Y aún crecerá la audiencia sobre las escalinatas. Pues no ha finido el censo.
Del quieto país de muchos lagos y volcanes de agua, han venido los
guatemaltecos tratando de revivir entre sus manos desposeídas un quetzal
malherido;
de México —leucémico, agonizante— han llegado los agraristas engañados, los
guerrilleros vendidos, los revolucionarios frustrados, los sindicalistas
abozalados: toda la gente mexicana como un erizado bosque en marcha de cactus;
de otras naciones del Caribe, blancos y negros, mestizos, mulatos, zambos y
cuarterones han venido, alzados todos ellos contra la sangrienta demencia que
sirve de Celestina a los rijosos patrones del azúcar y el banano;
de las gélidas mesetas en que el guanaco curiosea, han venido otras víctimas de
los remotos especuladores del estaño;
de Venezuela la rica, la riquísima, la mil veces rica, —inesperado centro de
musicalia, sede de la más audaz arquitectura, lonja de artistas, mecenas estrellado
(¡oh antifaz, oh irrisión!)—, de Venezuela humeante de petróleo, husmeante de
pan, azul de hierro, lívida de hambruna, centelleante de brillantes, mate de
malaria, han venido millones de pobres venezolanos y los millares de sombras
que toman aquí, entre nosotros, vacaciones de los penales, presidios, cárceles,
penitenciarías y bóvedas, en que pagan el planteamiento de un pleito: ¡el
vuestro, el nuestro!
Que cada palabra mía fuese ahora como piedra de cien filos: llave inmisericorde
que abra y destroce todo corazón. O como dentellada de lobo que tiene prisa por
llegar a las vísceras palpitantes de su presa. Pues mi propia pobre entraña
está llagada y desnuda viendo llegar a las escalinatas la delegación de mi
pueblo: mis hermanos, mi más inmediata semejanza.

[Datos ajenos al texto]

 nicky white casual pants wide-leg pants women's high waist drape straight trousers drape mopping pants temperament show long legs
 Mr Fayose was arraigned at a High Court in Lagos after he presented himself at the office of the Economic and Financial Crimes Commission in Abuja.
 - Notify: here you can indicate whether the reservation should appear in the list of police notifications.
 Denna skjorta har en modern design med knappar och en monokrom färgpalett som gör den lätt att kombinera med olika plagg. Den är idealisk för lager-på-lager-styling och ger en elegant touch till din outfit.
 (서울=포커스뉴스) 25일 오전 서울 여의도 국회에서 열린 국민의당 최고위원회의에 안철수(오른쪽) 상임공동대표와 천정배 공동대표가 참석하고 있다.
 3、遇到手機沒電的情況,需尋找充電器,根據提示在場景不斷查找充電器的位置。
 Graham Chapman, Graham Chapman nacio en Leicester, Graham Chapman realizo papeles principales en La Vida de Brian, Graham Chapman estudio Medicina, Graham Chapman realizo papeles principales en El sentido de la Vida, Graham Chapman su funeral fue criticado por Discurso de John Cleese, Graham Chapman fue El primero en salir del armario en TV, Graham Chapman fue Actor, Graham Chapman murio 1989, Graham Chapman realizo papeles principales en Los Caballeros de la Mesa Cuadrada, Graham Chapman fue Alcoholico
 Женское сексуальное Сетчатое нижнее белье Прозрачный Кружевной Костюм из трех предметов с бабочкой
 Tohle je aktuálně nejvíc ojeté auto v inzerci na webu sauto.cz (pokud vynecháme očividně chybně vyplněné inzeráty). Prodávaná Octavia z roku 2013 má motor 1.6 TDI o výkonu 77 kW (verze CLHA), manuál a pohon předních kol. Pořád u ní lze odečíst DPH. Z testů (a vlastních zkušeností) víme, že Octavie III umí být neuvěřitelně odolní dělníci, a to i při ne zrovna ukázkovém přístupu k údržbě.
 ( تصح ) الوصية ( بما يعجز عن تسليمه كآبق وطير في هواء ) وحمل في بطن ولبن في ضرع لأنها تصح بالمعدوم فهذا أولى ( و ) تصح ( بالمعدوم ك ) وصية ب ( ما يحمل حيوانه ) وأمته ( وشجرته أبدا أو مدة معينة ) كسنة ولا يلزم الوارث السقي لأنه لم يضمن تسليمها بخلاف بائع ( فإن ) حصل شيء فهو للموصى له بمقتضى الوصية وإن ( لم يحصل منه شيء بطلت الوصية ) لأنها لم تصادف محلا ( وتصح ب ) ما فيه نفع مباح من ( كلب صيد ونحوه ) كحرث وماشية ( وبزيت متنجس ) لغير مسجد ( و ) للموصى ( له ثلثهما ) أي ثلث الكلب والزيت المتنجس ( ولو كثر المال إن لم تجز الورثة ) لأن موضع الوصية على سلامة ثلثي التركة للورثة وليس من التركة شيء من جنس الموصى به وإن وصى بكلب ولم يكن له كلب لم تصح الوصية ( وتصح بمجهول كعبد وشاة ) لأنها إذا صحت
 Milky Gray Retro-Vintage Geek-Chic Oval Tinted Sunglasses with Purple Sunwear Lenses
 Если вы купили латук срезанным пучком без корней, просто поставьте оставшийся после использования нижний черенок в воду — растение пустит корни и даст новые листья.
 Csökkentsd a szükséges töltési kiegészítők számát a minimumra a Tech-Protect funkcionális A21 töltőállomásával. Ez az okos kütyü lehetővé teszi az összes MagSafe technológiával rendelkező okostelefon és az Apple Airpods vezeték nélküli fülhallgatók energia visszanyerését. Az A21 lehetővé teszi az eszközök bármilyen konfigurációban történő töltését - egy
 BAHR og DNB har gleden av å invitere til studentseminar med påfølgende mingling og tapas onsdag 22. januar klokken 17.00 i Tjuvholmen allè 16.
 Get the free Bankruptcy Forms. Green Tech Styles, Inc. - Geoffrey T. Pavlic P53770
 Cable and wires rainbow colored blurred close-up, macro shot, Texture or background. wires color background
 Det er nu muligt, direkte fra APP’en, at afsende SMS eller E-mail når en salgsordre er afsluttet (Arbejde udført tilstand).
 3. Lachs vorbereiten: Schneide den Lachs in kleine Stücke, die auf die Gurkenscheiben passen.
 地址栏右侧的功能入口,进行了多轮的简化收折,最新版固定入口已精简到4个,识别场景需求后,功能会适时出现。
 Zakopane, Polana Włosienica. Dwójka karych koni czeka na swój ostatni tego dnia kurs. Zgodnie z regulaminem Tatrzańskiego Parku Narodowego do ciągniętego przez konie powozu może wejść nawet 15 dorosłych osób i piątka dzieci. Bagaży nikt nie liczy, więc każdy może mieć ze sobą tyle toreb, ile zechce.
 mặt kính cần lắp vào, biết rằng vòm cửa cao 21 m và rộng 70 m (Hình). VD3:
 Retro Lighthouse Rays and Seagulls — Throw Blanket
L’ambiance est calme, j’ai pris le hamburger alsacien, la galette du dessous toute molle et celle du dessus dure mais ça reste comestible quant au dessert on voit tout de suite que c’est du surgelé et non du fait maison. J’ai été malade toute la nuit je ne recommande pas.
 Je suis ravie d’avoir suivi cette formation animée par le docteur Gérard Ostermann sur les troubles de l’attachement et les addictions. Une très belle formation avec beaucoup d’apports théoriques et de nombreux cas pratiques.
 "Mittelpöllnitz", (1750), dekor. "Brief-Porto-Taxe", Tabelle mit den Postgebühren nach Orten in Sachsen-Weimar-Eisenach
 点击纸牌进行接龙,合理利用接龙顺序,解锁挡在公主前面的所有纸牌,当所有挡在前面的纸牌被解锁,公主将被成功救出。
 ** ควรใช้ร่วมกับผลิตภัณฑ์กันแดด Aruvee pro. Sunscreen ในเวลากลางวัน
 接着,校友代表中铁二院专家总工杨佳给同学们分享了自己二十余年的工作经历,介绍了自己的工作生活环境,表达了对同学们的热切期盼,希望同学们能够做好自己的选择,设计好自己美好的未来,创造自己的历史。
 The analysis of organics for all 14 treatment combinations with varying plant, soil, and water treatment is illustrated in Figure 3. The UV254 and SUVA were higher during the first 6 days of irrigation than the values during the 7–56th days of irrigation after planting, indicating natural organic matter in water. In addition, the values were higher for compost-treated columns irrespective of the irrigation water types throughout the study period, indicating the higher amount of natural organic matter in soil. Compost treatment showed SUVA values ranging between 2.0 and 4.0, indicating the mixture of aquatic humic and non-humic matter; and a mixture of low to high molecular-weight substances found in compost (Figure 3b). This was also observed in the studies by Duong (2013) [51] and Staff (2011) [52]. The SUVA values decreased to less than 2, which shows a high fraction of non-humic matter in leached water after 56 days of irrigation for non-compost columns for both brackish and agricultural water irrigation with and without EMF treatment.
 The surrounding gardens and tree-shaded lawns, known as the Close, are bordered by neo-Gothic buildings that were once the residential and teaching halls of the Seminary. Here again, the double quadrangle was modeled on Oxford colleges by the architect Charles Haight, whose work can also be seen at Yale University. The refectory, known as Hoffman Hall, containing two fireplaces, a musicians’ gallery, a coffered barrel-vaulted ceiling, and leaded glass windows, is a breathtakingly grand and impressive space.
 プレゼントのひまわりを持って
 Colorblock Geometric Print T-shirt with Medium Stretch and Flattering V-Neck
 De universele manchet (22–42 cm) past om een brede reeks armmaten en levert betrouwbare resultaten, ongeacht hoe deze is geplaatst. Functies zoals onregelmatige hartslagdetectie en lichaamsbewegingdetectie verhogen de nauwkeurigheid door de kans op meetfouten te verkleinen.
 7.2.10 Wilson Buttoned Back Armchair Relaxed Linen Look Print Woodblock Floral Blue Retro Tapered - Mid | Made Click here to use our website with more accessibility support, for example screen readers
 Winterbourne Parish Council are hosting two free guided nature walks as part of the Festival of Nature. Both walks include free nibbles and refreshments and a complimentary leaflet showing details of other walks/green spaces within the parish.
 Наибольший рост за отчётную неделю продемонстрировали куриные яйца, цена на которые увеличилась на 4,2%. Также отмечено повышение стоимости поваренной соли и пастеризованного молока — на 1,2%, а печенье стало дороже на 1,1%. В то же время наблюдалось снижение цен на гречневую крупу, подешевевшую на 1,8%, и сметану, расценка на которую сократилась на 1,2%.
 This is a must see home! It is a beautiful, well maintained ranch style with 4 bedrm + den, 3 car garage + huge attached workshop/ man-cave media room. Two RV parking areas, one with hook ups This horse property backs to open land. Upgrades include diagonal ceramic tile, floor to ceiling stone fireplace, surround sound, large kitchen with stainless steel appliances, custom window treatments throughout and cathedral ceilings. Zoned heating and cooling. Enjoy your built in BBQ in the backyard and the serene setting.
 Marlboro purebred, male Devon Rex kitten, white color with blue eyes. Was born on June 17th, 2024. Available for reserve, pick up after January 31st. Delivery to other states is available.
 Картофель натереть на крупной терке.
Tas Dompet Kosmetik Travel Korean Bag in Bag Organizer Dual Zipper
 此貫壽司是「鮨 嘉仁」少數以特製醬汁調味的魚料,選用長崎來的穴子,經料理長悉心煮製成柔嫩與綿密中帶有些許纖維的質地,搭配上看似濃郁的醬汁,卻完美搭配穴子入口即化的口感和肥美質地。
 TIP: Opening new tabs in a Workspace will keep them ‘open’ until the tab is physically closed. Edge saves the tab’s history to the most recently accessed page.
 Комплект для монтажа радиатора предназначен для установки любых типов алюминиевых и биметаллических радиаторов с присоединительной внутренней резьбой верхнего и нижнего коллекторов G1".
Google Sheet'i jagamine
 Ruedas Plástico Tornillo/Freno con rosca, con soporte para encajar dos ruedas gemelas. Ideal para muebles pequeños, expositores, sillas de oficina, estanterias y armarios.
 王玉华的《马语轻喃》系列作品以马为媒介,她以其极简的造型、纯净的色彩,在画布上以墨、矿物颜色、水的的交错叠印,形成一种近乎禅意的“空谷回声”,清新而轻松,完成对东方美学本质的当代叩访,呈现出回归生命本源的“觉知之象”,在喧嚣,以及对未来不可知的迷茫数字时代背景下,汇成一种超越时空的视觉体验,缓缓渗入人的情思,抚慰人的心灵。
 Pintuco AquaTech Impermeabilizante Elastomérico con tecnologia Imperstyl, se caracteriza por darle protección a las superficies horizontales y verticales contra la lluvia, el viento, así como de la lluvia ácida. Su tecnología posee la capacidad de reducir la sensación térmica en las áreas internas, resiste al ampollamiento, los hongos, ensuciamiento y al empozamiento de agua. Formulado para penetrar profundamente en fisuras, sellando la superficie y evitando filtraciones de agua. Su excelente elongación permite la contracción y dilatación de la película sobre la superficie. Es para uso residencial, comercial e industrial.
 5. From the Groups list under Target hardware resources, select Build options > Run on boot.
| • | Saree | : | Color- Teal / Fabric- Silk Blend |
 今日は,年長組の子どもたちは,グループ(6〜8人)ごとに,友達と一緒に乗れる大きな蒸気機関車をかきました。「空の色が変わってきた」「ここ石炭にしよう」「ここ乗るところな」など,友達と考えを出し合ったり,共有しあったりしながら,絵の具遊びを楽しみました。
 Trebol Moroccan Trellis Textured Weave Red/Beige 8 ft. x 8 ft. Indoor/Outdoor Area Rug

Helos ahí, entre taciturnos y atónitos; doblegados bajo la lluvia de su propia
sangre y con el guijarro de un “¿por qué?” en la garganta.
Entenados de una despótica familia de próceres; libertos de una vanidosa casta
feudal; hijos putativos de las cadenas; ahijados de sus propios explotadores;
pupilos de los grandes empresarios; mesnada de los advertidos filántropos del
paternalismo; catecúmenos de la iglesia cesárea; hombres de leva bajo las
banderas de la demagogia; hombres de presa bajo los uniformes del poder; hombres
de pena bajo los grandes cuadros estadísticos que registran la proliferación
cancerosa de los valores bursátiles.
La resaca de remotas perversiones llegó e hinchió, como ponzoñosa esponja, el
corazón de toda aquella casta codiciosa y paternalista. La cruz gamada volteó
en el espacio y siendo ya signo de infamia en los países liberados, se trocó en
ídolo devorador en la tierra colombiana, mi dulce y tremenda tierra. Para
enrodar a los humildes y corroborar a los poderosos.
La concupiscencia del poder, primero; la codicia luego, engendraron la crueldad
y abonaron el crimen. Una y otro abortaron ese feto: el terror.
Burundún-Burundá enseñoreado de siervos y patronos.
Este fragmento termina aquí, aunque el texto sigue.